Collected data:
########################################

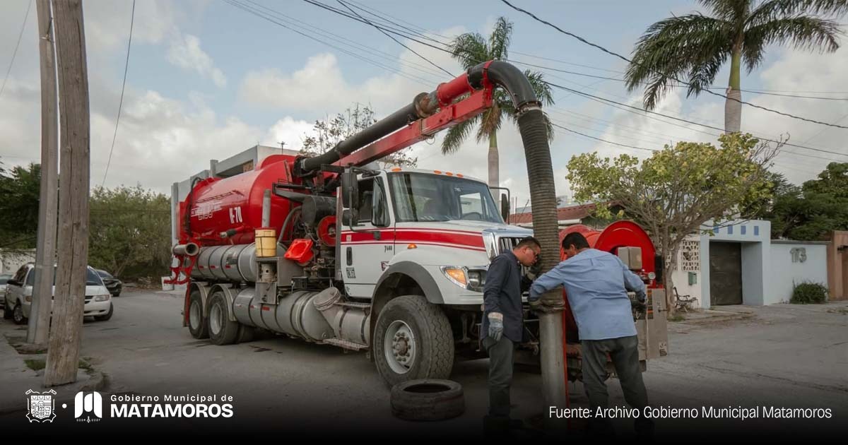 Siguiendo las instrucciones del alcalde de Matamoros, Beto Granados, el camión vactor continúa realizando recorridos por diversas colonias de la ciudad como parte de las acciones preventivas para mantener en óptimas condiciones el sistema de drenaje sanitario.
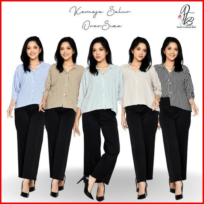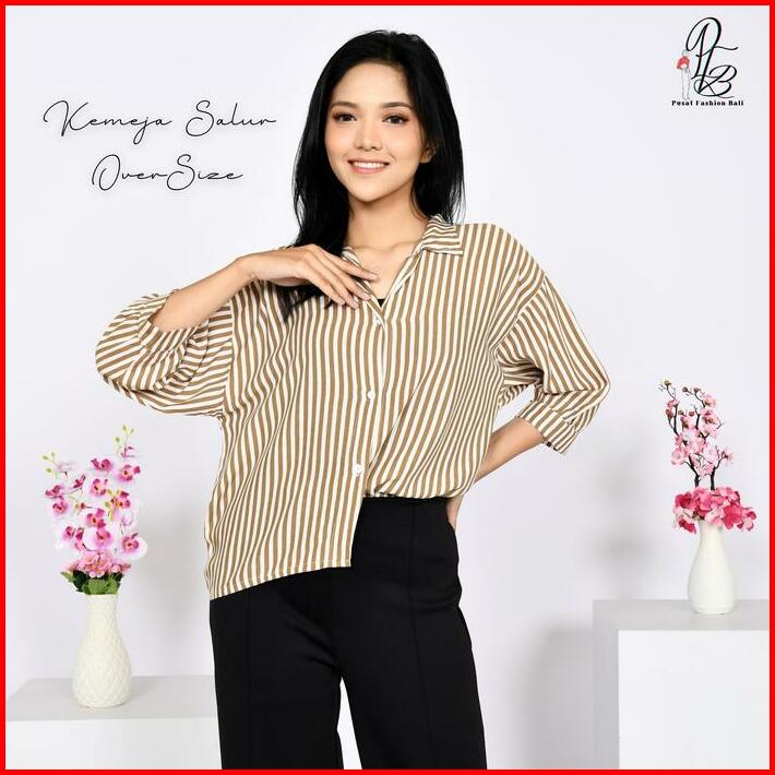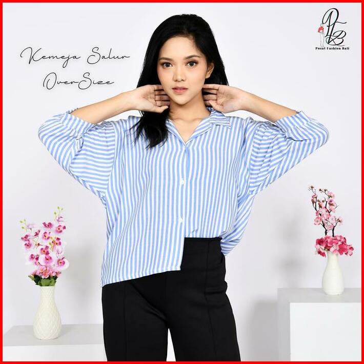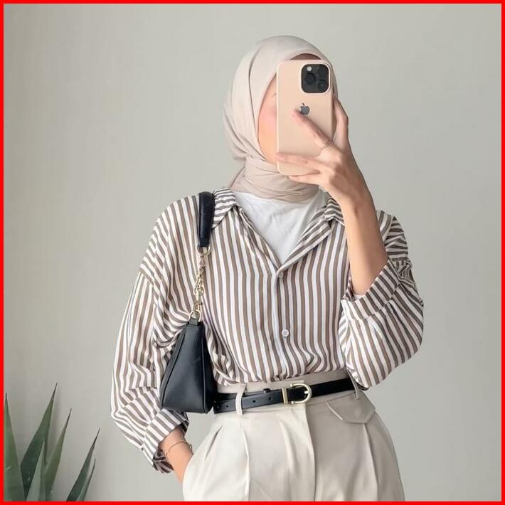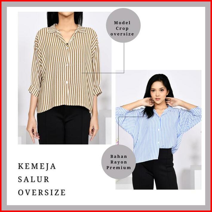 Kemeja Wanita Oversize Crop Motif Salur Garis Terbaru Kekinian Style Korea
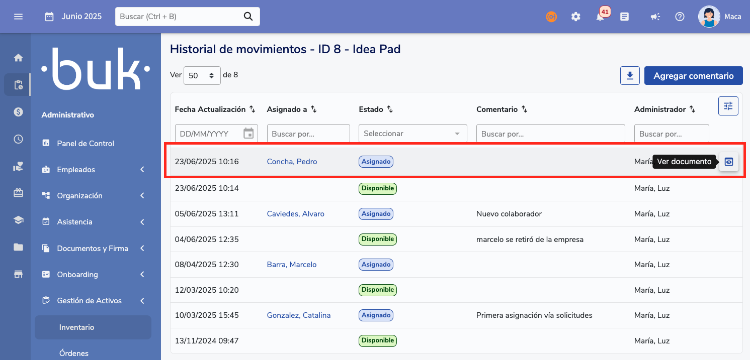 - Paso 4: El administrador de Gestión de Activos podrá ver el documento generado desde el Historial de movimientos de cada activo.
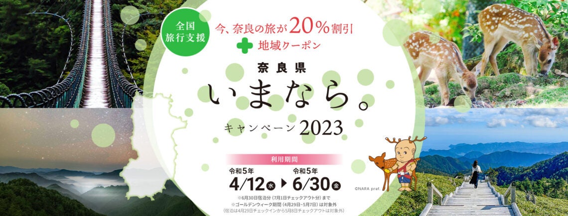 奈良県の旅行支援「いまなら。キャンペーン」を適用可能。
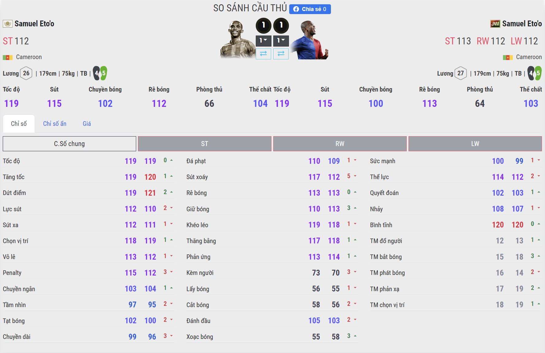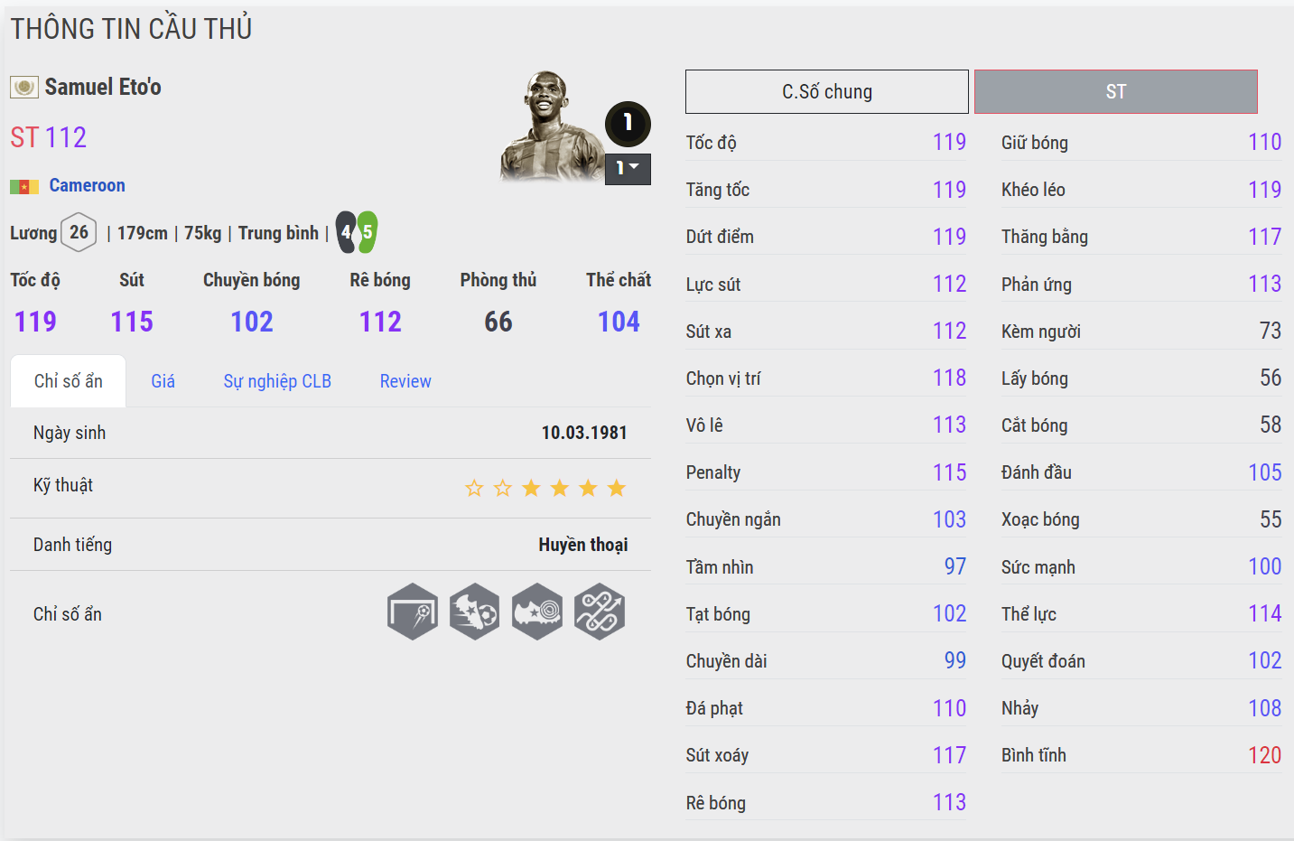 Samuel Eto'o được đánh giá là một trong những tiền đạo cực kì hay ở FC Online thời điểm hiện tại. Báo đen của Châu Phi đang cho thấy sự hiệu quả và hợp meta đến bất ngờ. Điều này khiến cho nhiều HLV giành sự quan tâm lớn khi Eto'o có cho mình nhiều team color chất lượng như Real, Barca, Chelsea, Inter Milan...
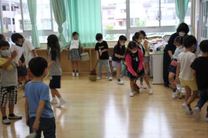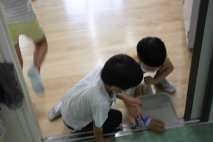 机を下げて、広くなった教室を、掃き清め、吹きあげていきます。
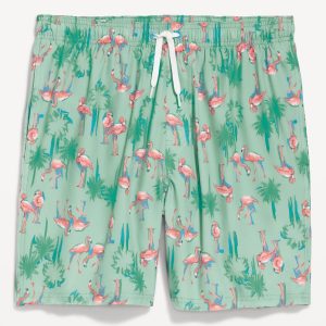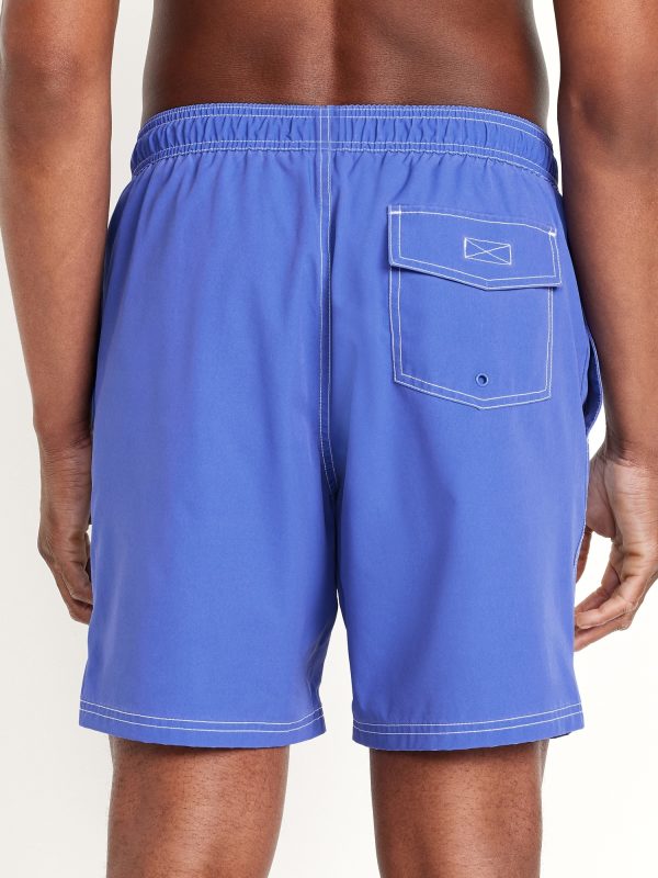 Washed Swim Trunks — 7-inch inseam: elastic-drawstring waistband, on-seam pockets, back patch pocket with grommet drain, built-in mesh briefs, pull-on style, #766290
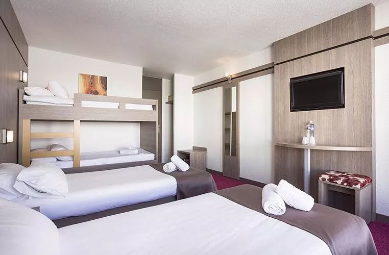 La Plagne酒店提供2至6人的客房,配备互联网,部分客房设有露台或带家具的阳台,可饱览蒙塔尔伯特(Montalbert)的壮丽景色,享受La Plagne的田园风光。酒店的儿童俱乐部设备齐全,孩子们也能尽情玩乐。
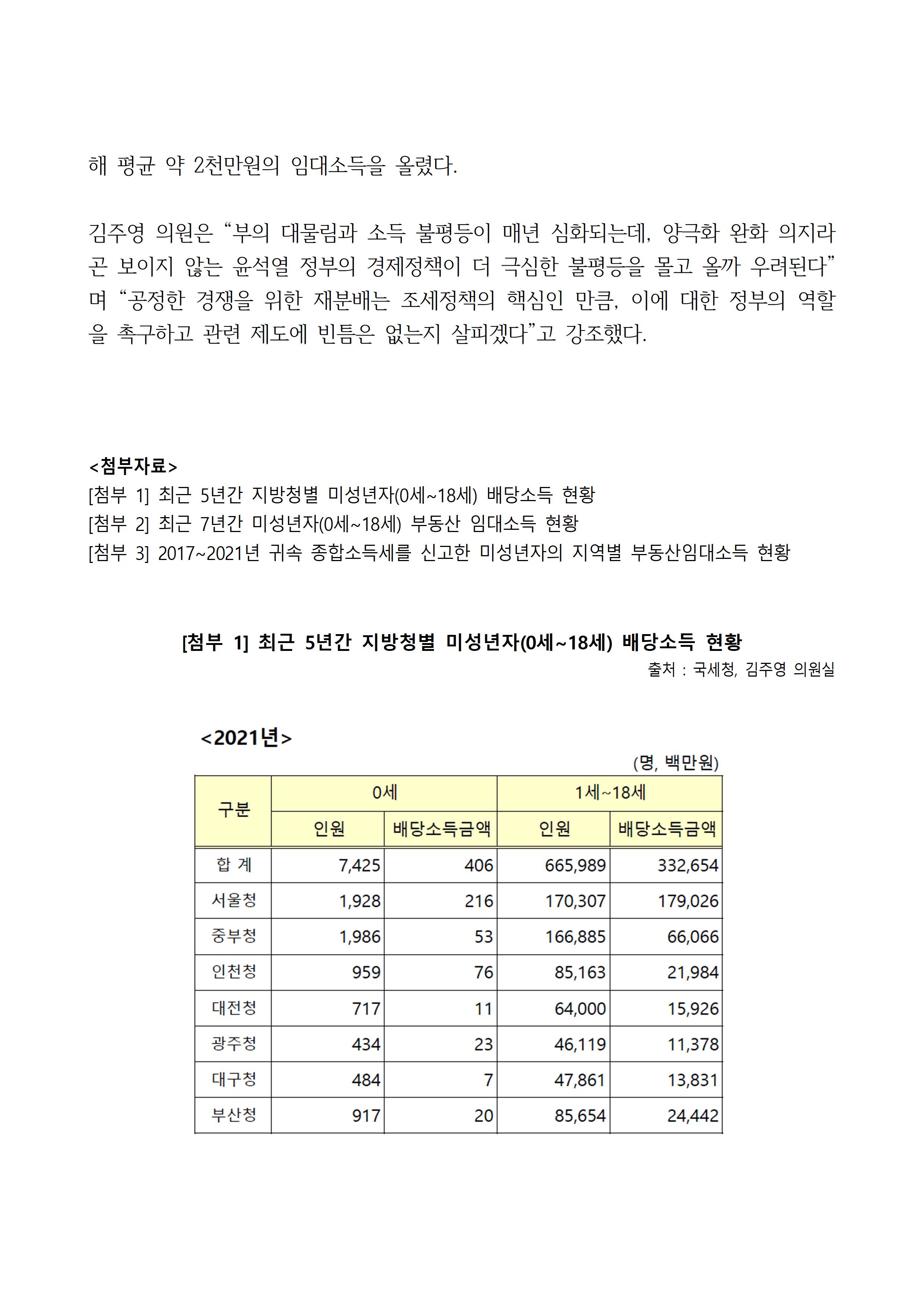 231017_국감보도자료_김주영_의원_태어나보니_배당금_입금_0세_배당소득자_4년간_33배_늘었다.hwp
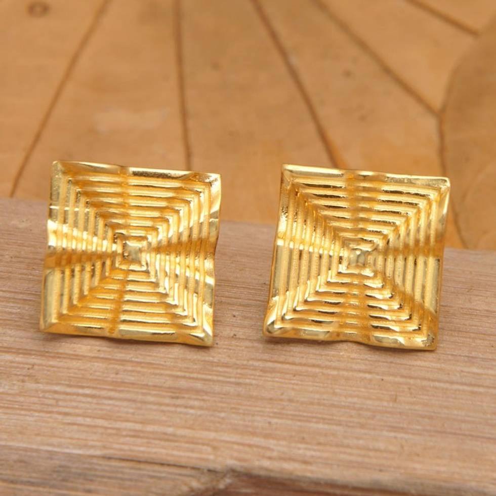 Modern Textured Square 18k Gold-Plated Button Earrings 'Knotted Squares' Item ID: 2671763966
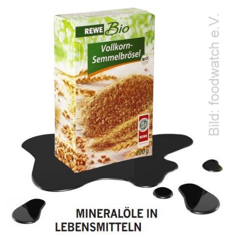 Lebensmittel der Rewe-Eigenmarken sind stark mit gesundheitsgefährdenden Mineralölen belastet. Das ist das Ergebnis eines neuen Labortests der Verbraucherorganisation foodwatch. Demnach sind drei von sechs getesteten Rewe-Produkten betroffen: „Rewe Bio Vollkornsemmelbrösel“ enthalten aromatische Mineralöle (MOAH), die krebserregend und erbgutverändernd sein können. In den Produkten „ja! Langkorn-Spitzenreis“ und „Rewe Bio Dinkelflakes“ konnte die Verbraucherorganisation stark erhöhte Werte gesättigter Mineralöle (MOSH) nachweisen. MOSH können sich im menschlichen Körper anreichern und die Organe schädigen. Öko-Test hatte kürzlich in einem Veggie-Schnitzel der Rewe-Gruppe erhöhte MOSH-Werte gemessen, woraufhin Rewe einen Verkaufsstopp veranlasste.

########################################

Drop the pictures and copy the data exactly.

(Answer below):
 Siguiendo las instrucciones del alcalde de Matamoros, Beto Granados, el camión vactor continúa realizando recorridos por diversas colonias de la ciudad como parte de las acciones preventivas para mantener en óptimas condiciones el sistema de drenaje sanitario.
 Kemeja Wanita Oversize Crop Motif Salur Garis Terbaru Kekinian Style Korea
 - Paso 4: El administrador de Gestión de Activos podrá ver el documento generado desde el Historial de movimientos de cada activo.
 奈良県の旅行支援「いまなら。キャンペーン」を適用可能。
 Samuel Eto'o được đánh giá là một trong những tiền đạo cực kì hay ở FC Online thời điểm hiện tại. Báo đen của Châu Phi đang cho thấy sự hiệu quả và hợp meta đến bất ngờ. Điều này khiến cho nhiều HLV giành sự quan tâm lớn khi Eto'o có cho mình nhiều team color chất lượng như Real, Barca, Chelsea, Inter Milan...
 机を下げて、広くなった教室を、掃き清め、吹きあげていきます。
 Washed Swim Trunks — 7-inch inseam: elastic-drawstring waistband, on-seam pockets, back patch pocket with grommet drain, built-in mesh briefs, pull-on style, #766290
 La Plagne酒店提供2至6人的客房,配备互联网,部分客房设有露台或带家具的阳台,可饱览蒙塔尔伯特(Montalbert)的壮丽景色,享受La Plagne的田园风光。酒店的儿童俱乐部设备齐全,孩子们也能尽情玩乐。
 231017_국감보도자료_김주영_의원_태어나보니_배당금_입금_0세_배당소득자_4년간_33배_늘었다.hwp
 Modern Textured Square 18k Gold-Plated Button Earrings 'Knotted Squares' Item ID: 2671763966
 Lebensmittel der Rewe-Eigenmarken sind stark mit gesundheitsgefährdenden Mineralölen belastet. Das ist das Ergebnis eines neuen Labortests der Verbraucherorganisation foodwatch. Demnach sind drei von sechs getesteten Rewe-Produkten betroffen: „Rewe Bio Vollkornsemmelbrösel“ enthalten aromatische Mineralöle (MOAH), die krebserregend und erbgutverändernd sein können. In den Produkten „ja! Langkorn-Spitzenreis“ und „Rewe Bio Dinkelflakes“ konnte die Verbraucherorganisation stark erhöhte Werte gesättigter Mineralöle (MOSH) nachweisen. MOSH können sich im menschlichen Körper anreichern und die Organe schädigen. Öko-Test hatte kürzlich in einem Veggie-Schnitzel der Rewe-Gruppe erhöhte MOSH-Werte gemessen, woraufhin Rewe einen Verkaufsstopp veranlasste.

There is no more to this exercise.